I particularly love how John tells us that when Jesus appeared in his resurrected body in the middle of the huddled and frightened post-Crucifixion disciples, “Jesus breathed on them and said “receive the Holy Spirit.”  Classical Greek renders that breath as πνεῦμα or pneuma. The Holy Spirit came through his breath.  I remembered to do the Tibetan Buddhist practice of tonglen at a patient’s house the other day in response to the dense suffering that surrounded this teenager’s dying, and what a great practice tonglen is in such circumstances, when the pain brought on by the despair of losing a child is unbearable.  Being present to that despair allows us to breathe in the suffering as we inhale, and send out the holy spirit in our outbreath, our pneuma, to serve as a container for the pain, when the one who is suffering cannot.

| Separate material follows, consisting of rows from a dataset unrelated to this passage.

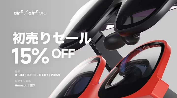 XREAL AR(拡張現実)グラスを開発・販売しているXREAL(日本法人:日本Xreal株式会社)は、2025年1月3日(金)~1月7日(火)の期間限定でXREALが提供するARグラスをお得にゲットできる「初売りセール…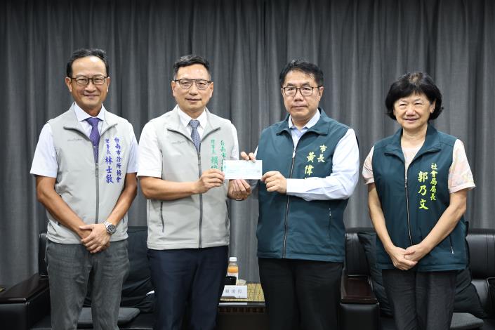 【記者黃石泉/台南報導】丹娜絲颱風近日重創南部,強風豪雨造成台南多處受災。市府第一時間即動員各項人力與資源,全力投入災後復原與重建,為市民早日恢復正常生活。台南市醫師公會為響應賑災行動,特別捐贈新台幣230萬元予台南市政府,盼能協助災區民眾度過難關、重建家園。今(31)日下午市府於永華市政中心2樓貴賓室舉行捐贈儀式,由市長黃偉哲代表受贈,並頒發感謝狀感謝公會的善行義舉。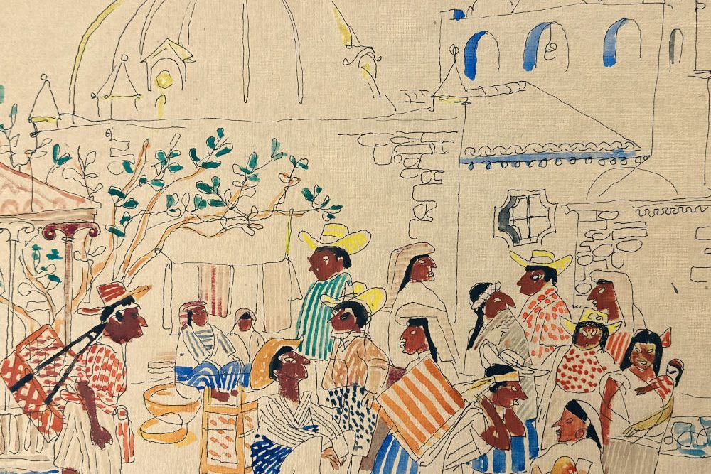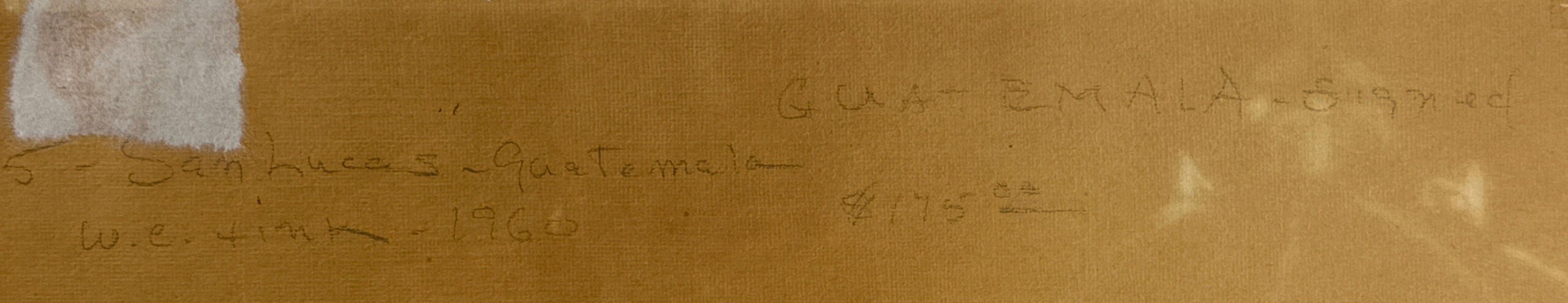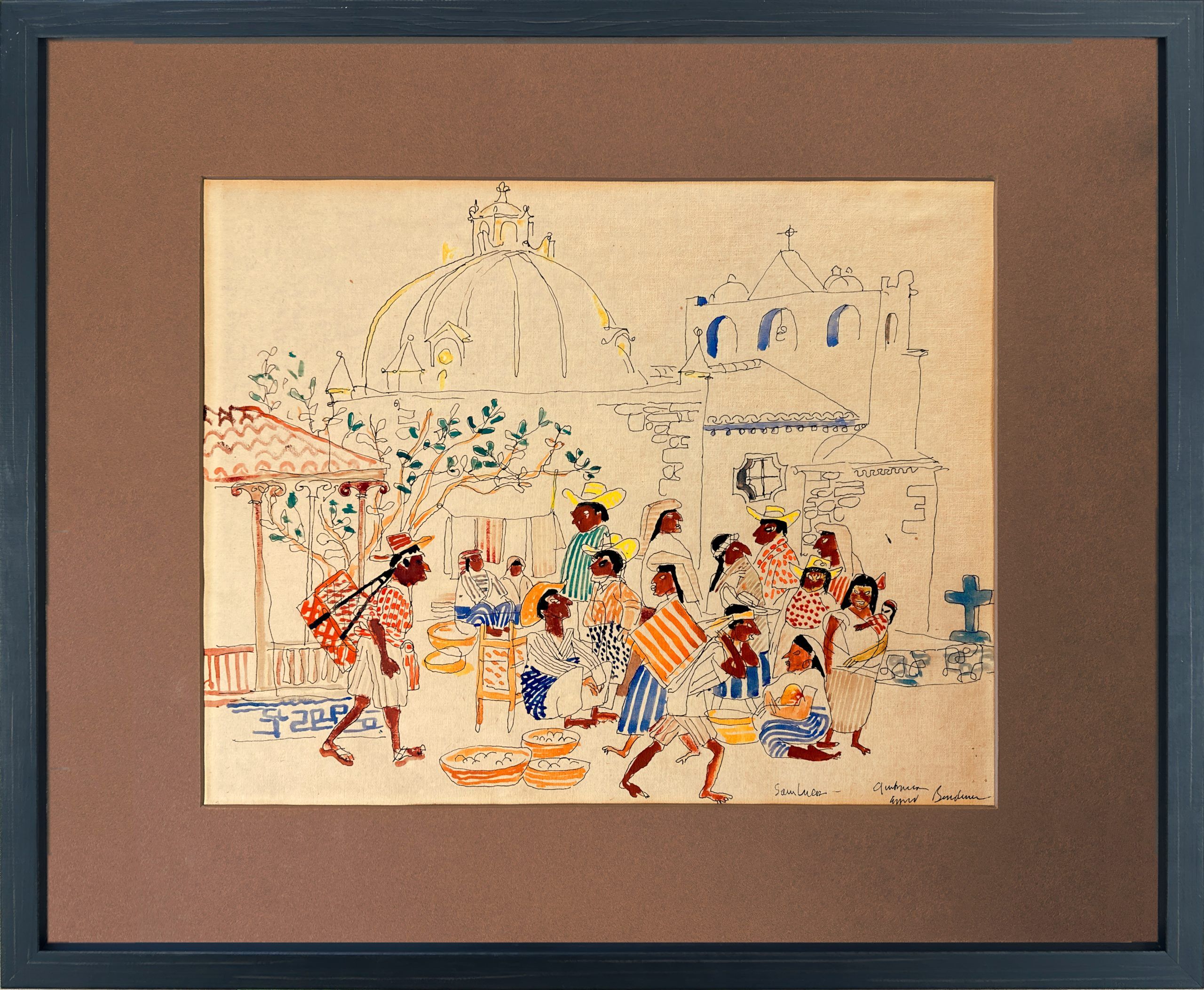 A joyful depiction of island life. Alfred Bendiner retired from the practice of architecture in 1961. Just before his retirement he worked as an archaeological draftsman on a University of Pennsylvania excavation in Tikal-Tikal, Guatemala. It would have been on that trip that Bendiner painted this work.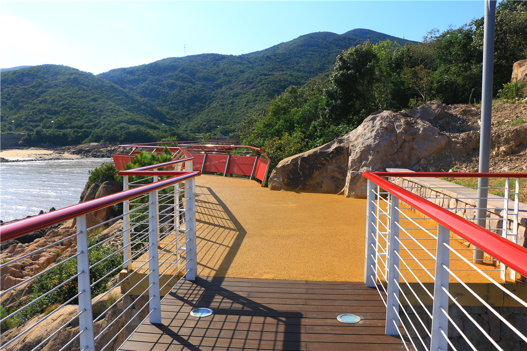 4)材料选择:当地盐碱性较大,在材料的选择上也要选择一些耐腐蚀的材料,防止空气腐蚀较大对设备造成损坏。场地内除植被的绿色和岩石的黄色外,其他比较灰暗,因此在栈道本身的设计上选择了比较突出的红色栏杆,以及淡黄色的透水混凝土面层。而透水混凝土作为栈道的面层材料也解决了雨天积水的问题。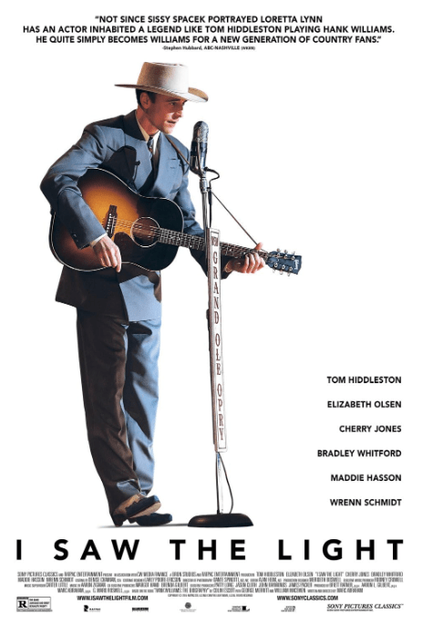 I Saw the Light (2015) is an R rated movie about country singer Hank Williams and impact on American music. The running time is two hours and three minutes and directed by Marc Abraham. The movie stars Tom Hiddleston, Elizabeth Olsen, Cherry Jones, David Krumholtz, and Bradley Whitford.
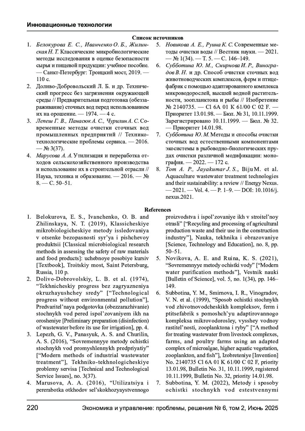 СУББОТИНА Ю. М., КУДРЯВЦЕВА А. Д. АЛЬГОЛИЗАЦИЯ ХОЗЯЙСТВЕННО-БЫТОВЫХ СТОЧНЫХ ВОД // ЭКОНОМИКА И УПРАВЛЕНИЕ: ПРОБЛЕМЫ, РЕШЕНИЯ. 2025. ТОМ 2 № 6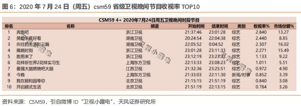 根据微博ID“卫视小露电”提供的数据,2020年7月24日(周五)csm59省级卫视晚间节目收视率前三:《奔跑吧》(浙江卫视2.840%)、《笑起来真好看》(湖南卫视2.440%)、《向往的生活彩云篇》(湖南卫视2.307%)。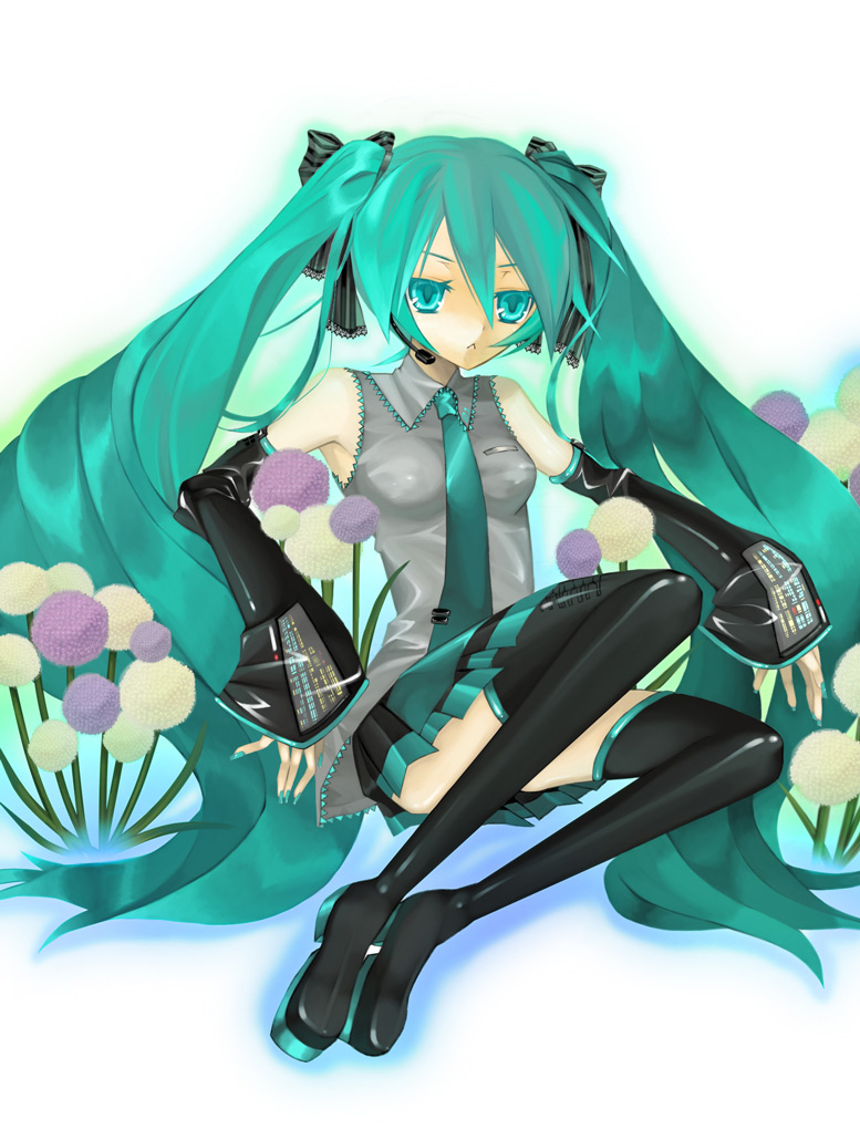 1boy1girlaqua eyesaqua hairdetached sleevesfemale focusflowerhair ribbonheadphonesheadsetlong hairnecktieribbonskirtsolothighhighstwintailsvery long hairzettai ryouiki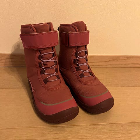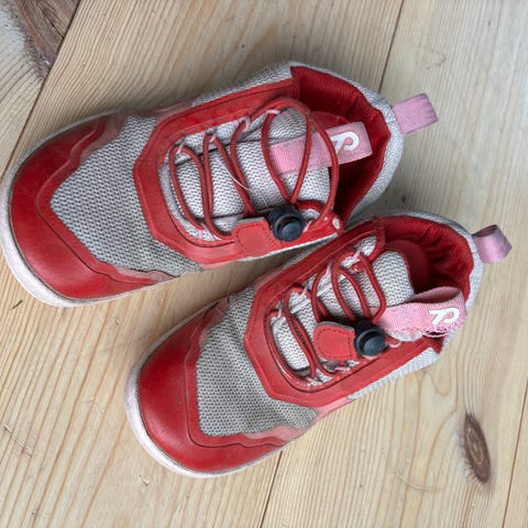 Reima barnesko for jente i størrelse 32. Skoene har en korallfarget overflate med justerbar borrelåsrem for god passform. Sålen er hvit med mønster for bedre grep. Sandalene er fra Reimas barfotserie. De er lette og fleksible og har god plass til tærne. Helt nye.

Providing spiritual care as an integral component of palliative care can respect the secularity of the patient and family. It does not have to be religious or even “spiritual,” but can simply be compassionate, intentional presence  — being with the patient and family in their distress. According to one consensus definition, “Spirituality is the aspect of humanity that refers to the way individuals seek and express meaning and purpose and the way they experience their connectedness to the moment, to self, to others, to nature, and to the significant or sacred.” Attending to that need for meaning and purpose fills a vacuum that is otherwise filled with great suffering, suffering that cannot be assuaged by any amount of excellent clinical care.

I have been praying daily for the young man who is dying of an aggressive brain tumor, who is bedridden and whose friends don’t visit any more, and for his mother, whose grief we we were able to accompany for a brief time last week. Thank God for the palliative care teams — the religionless Christians — who could visit their humble home at no cost to the family, who could at least alleviate the young man’s physical pain and by their very attendance on him, let his family know they are not abandoned in their hour of greatest need.